Like I said: Shock. And maybe a dash or two of wishful thinking.
Because, listen, nothing short of gridlock in Washington was more sure than what happened today, which was Victor Oladipo announcing he was going to the NBA. He's graduating in May, for one thing. For another, the pros love, absolutely love, everything about the kid, and in particular what the kid can become. His stock will never be higher after making a quantum leap this season from nice player to possibly transcendent player.
So, he goes, and good for him. And now everyone waits to see what Cody Zeller will do.
Word has it he'll announce tomorrow, and if he doesn't also take his leave I'll be stunned. I didn't used to think this way. As recently as two weeks ago, after his virtual disappearing act in the loss to Syracuse, I figured he could use another year in Bloomington, because he clearly didn't look ready for the NBA.

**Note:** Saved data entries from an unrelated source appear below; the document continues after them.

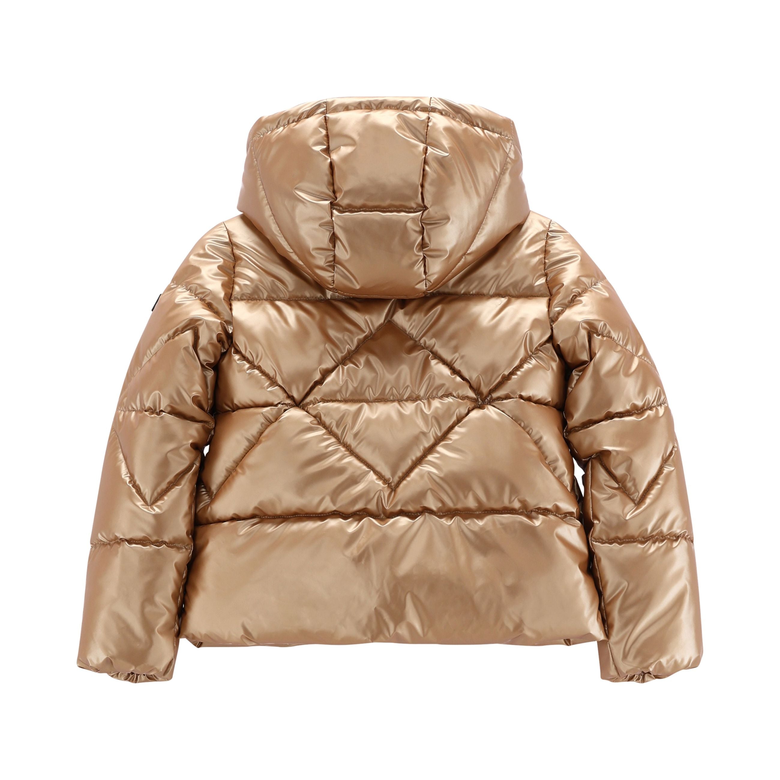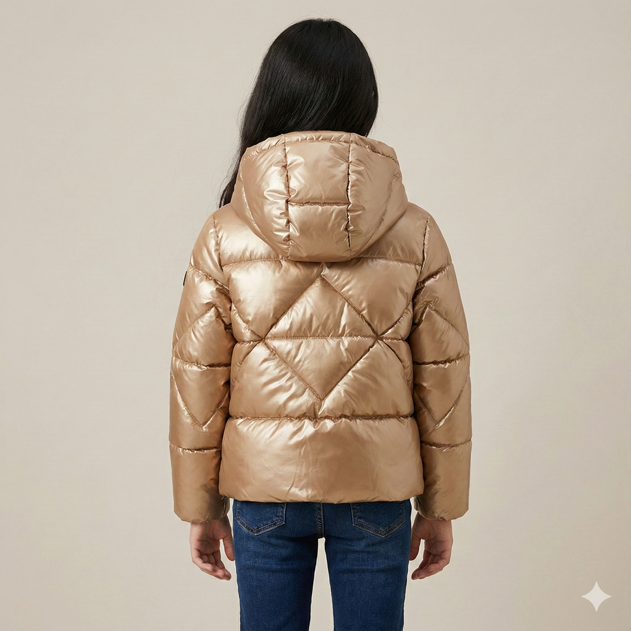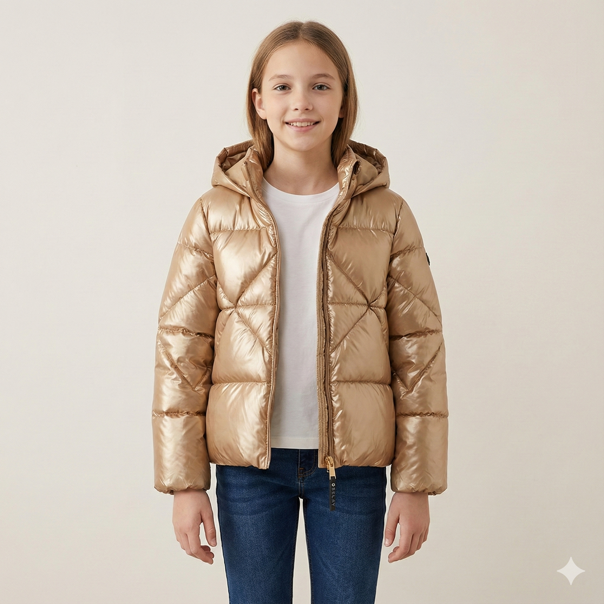 giubbotto imbottito ragazza oro con cappuccio – giubbotto in tessuto tecnico dal finitura lucida con trapuntatura a motivo geometrico e imbottitura calda, ideale per l'inverno. modello con cappuccio fisso e zip frontale, elastico ai polsi e taglio leggermente svasato sul fondo per maggiore comfort. pratico e versatile, dona un tocco elegante e moderno agli outfit quotidiani, perfetto da abbinare a jeans o pantaloni sportivi per un look casual chic.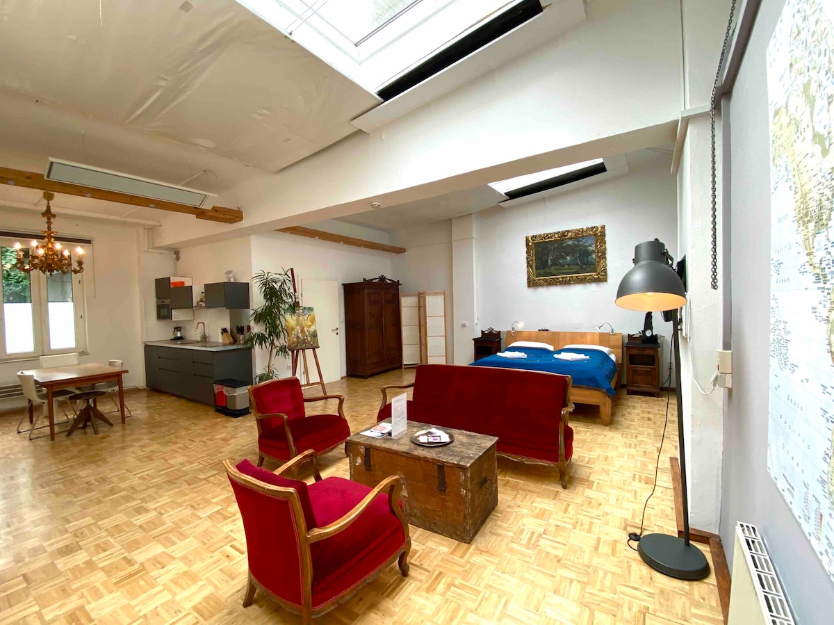 Loft n.º 9 a la izquierda en el antiguo edificio del taller del abuelo. El apartamento es ideal para estancias cortas o largas, se encuentra al final del tranquilo patio interior de la casa de estilo wilhelminiano en la Westbahnstrasse. Vida excepcional, una mezcla de lo antiguo y lo nuevo. Claraboyas con mucha luz desde arriba (que se pueden oscurecer) y vistas despejadas al cielo. Cabina de calor profundo por infrarrojos para relajarse. ¡Un lugar digno de vivir, único en el distrito 7 de Viena!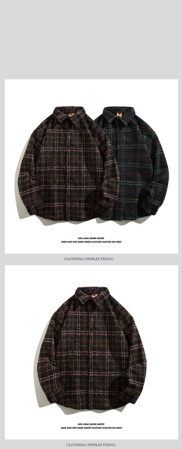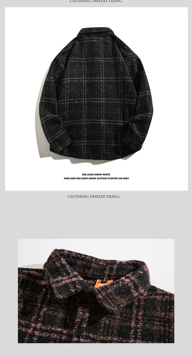 일본 스타일 복고풍 모직 트렌디 브랜드 격자 무늬 셔츠 남성용 긴팔 가을과 겨울 한국 스타일 트렌디 커플 만능 캐주얼 재킷스토어 가기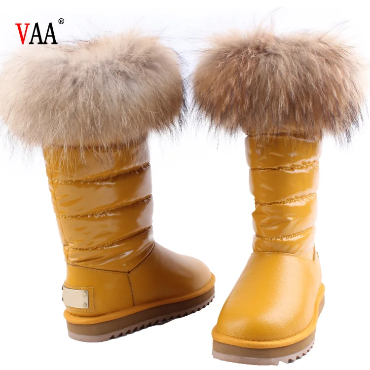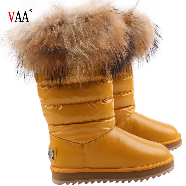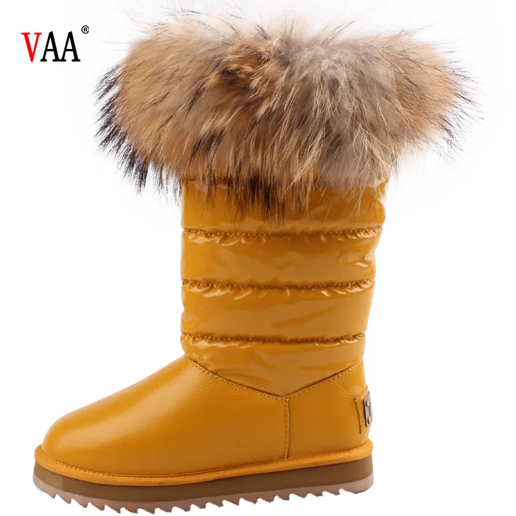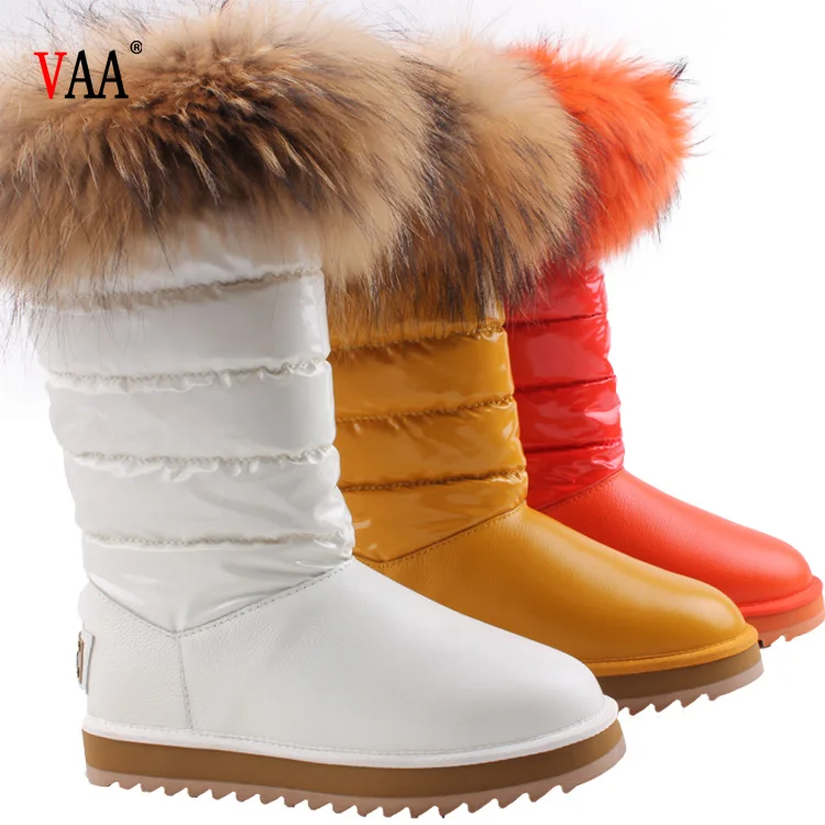 CF-079 Free Samples Waterproof Genuine Leather Racoon Fur Wholesale Fashion Lady Snow Shoes Boots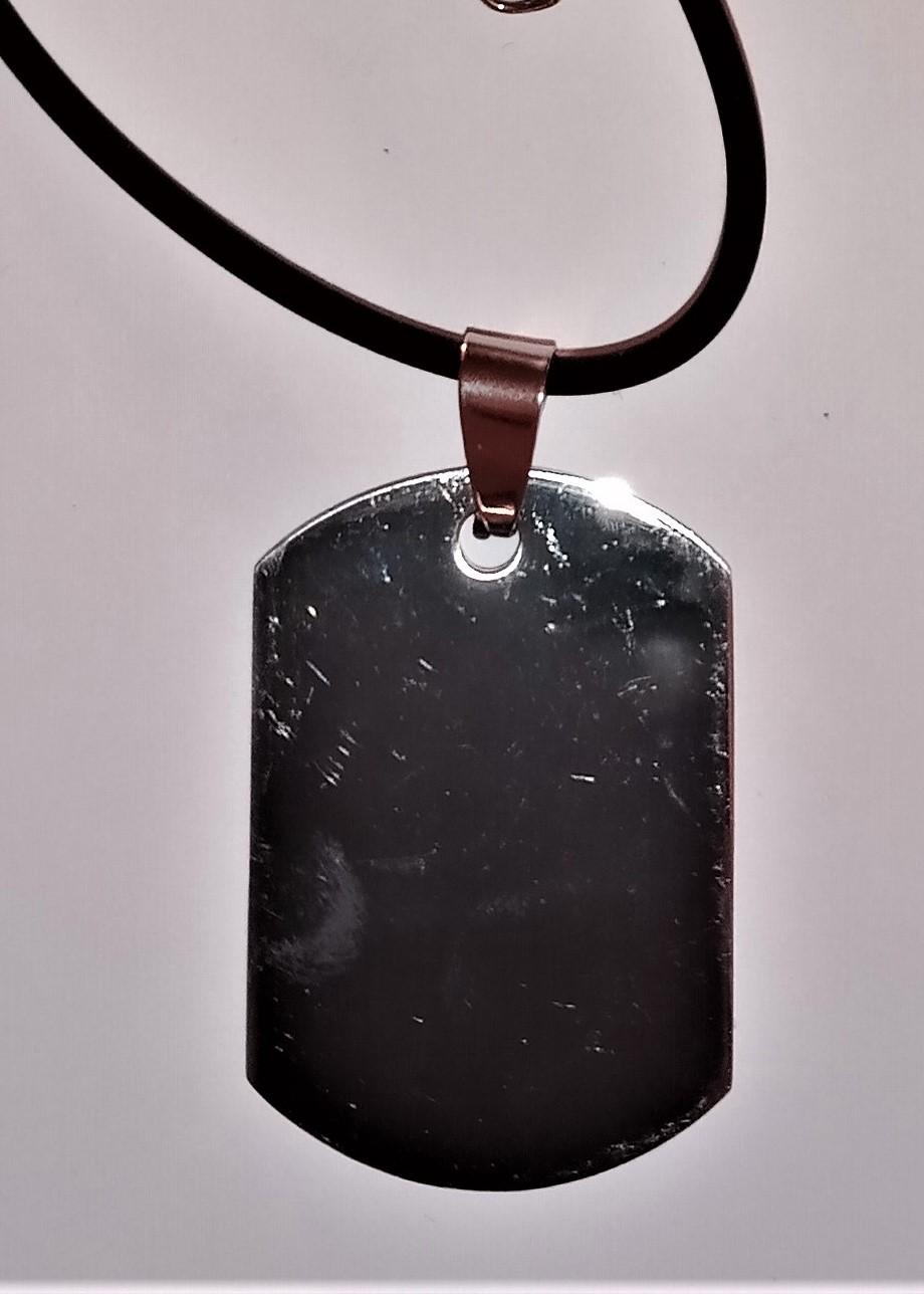 Collier en acier inoxydable monté sur cordon réglable plaque militaire à graver 2.5cm x 3.5cm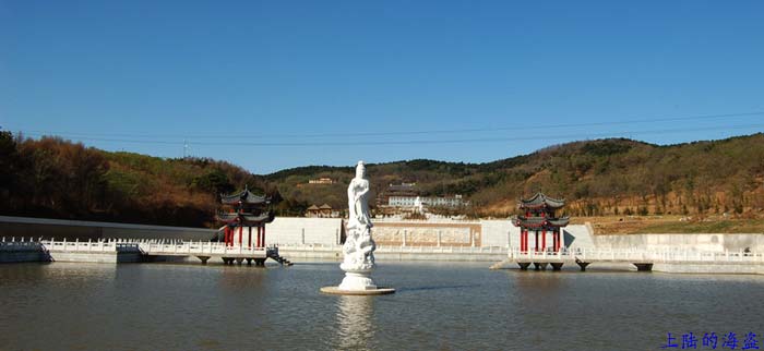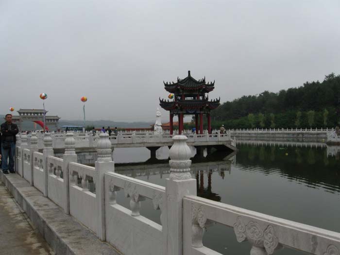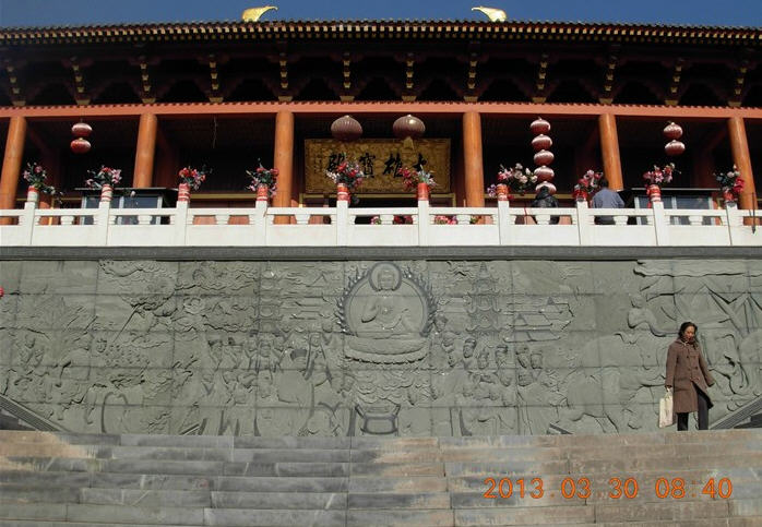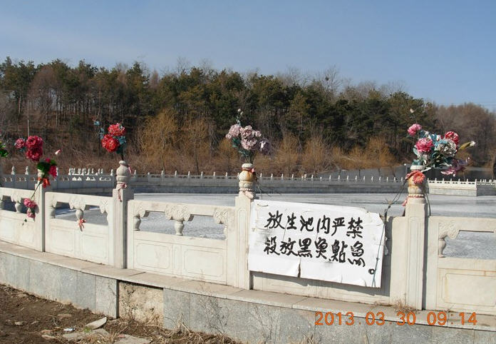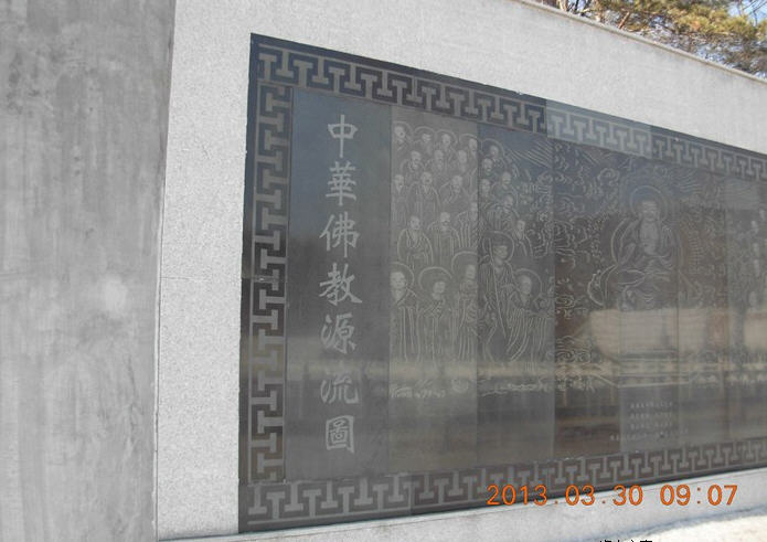 牌坊内侧便是放生池。放生池为如意形,长100米宽50米,水深4米。周边广场为人造大理石铺面,连同四周绿地,总面积达3000平米。池中央供奉观世音菩萨汉白玉站像一尊,连同汉白玉基座高4.2米。塑像玉质晶莹洁白,雕工细腻,栩栩如生,面向牌坊。菩萨身后隔半池清水的阶壁上,镶有高4.5米,长30米汉白玉浮雕,九龙展姿,仪态俊丽华美。南侧墙面镶有高4米,长100米黑色大理石,用磨石技法,绘有“中华佛教源流图”,一画一解,画44幅,文字45帘,内容始于释迦出生,止于太虚大和尚。生动地描绘出佛教传入华厦及其发展壮大的全部流程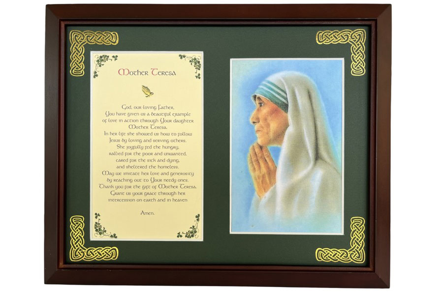 Features - Our blessings are printed on ivory card, and are presented in a forest green matting with gold Celtic knots embossed on the corners. Set behind glass and displayed in a elegant dark walnut frame of Italian design. The backing has a hanger and an attached easel to allow for both wall and table top display. The opening holds a 4x6 photo. Each frame comes individually boxed in a bubble wrap sleeve.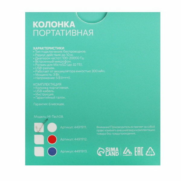Портативная колонка LuazON Hi-Tech08, 3 Вт, 300 мАч, microSD, USB, белая интересное:
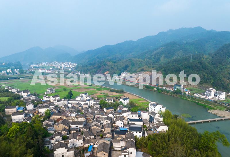 图片说明:2025年4月20日,安徽省宣城市绩溪县瀛洲镇,粉墙黛瓦的古村落与碧水青山相映成景,美不收胜。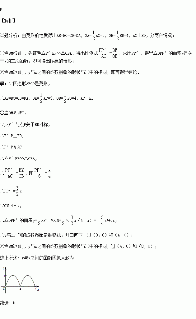 如图,菱形ABCD的对角线AC,BD相交于点O,AC=6,BD=8,动点P从点B出发,沿着B﹣A﹣D在菱形ABCD的边上运动,运动到点D停止,点P′是点P关于BD的对称点,PP′交BD于点M,若BM=x,△OPP′的面积为y,则y与x之间的函数图象大致为( )

But that was before I saw Kevin Ware shatter his leg, and started wondering what Zeller must have thought when he saw that. And it was before I stopped to consider a fundamental truth: If you've got upside, the NBA doesn't really care whether or not you're ready for the NBA. The NBA figures it can make you ready.
The league traffics in potential, not the here and now, which is why, from what I hear out there, Zeller figures to be a lottery pick if he comes out. That he's occasionally been overmatched by bigger, more physical players inside won't much matter to whoever gets him, because whoever gets him will no doubt put him on a weight regimen to bulk him up.
And, besides, it's not like he'll be playing with his back to the basket in the League, anyway. With his ability to run the floor and drop the mid-range jumper as a 7-footer, he's a classic power forward at the next level. Developed properly, he'll be the ideal trailer on the break, and could occasionally even fill a lane on it.
For a man his size, he's got a unique skill set -- a skill set for which someone will eagerly pay extravagantly. So if the money's out there, Zeller's got to take it.
Now. Before what happened to Kevin Ware can happen to him.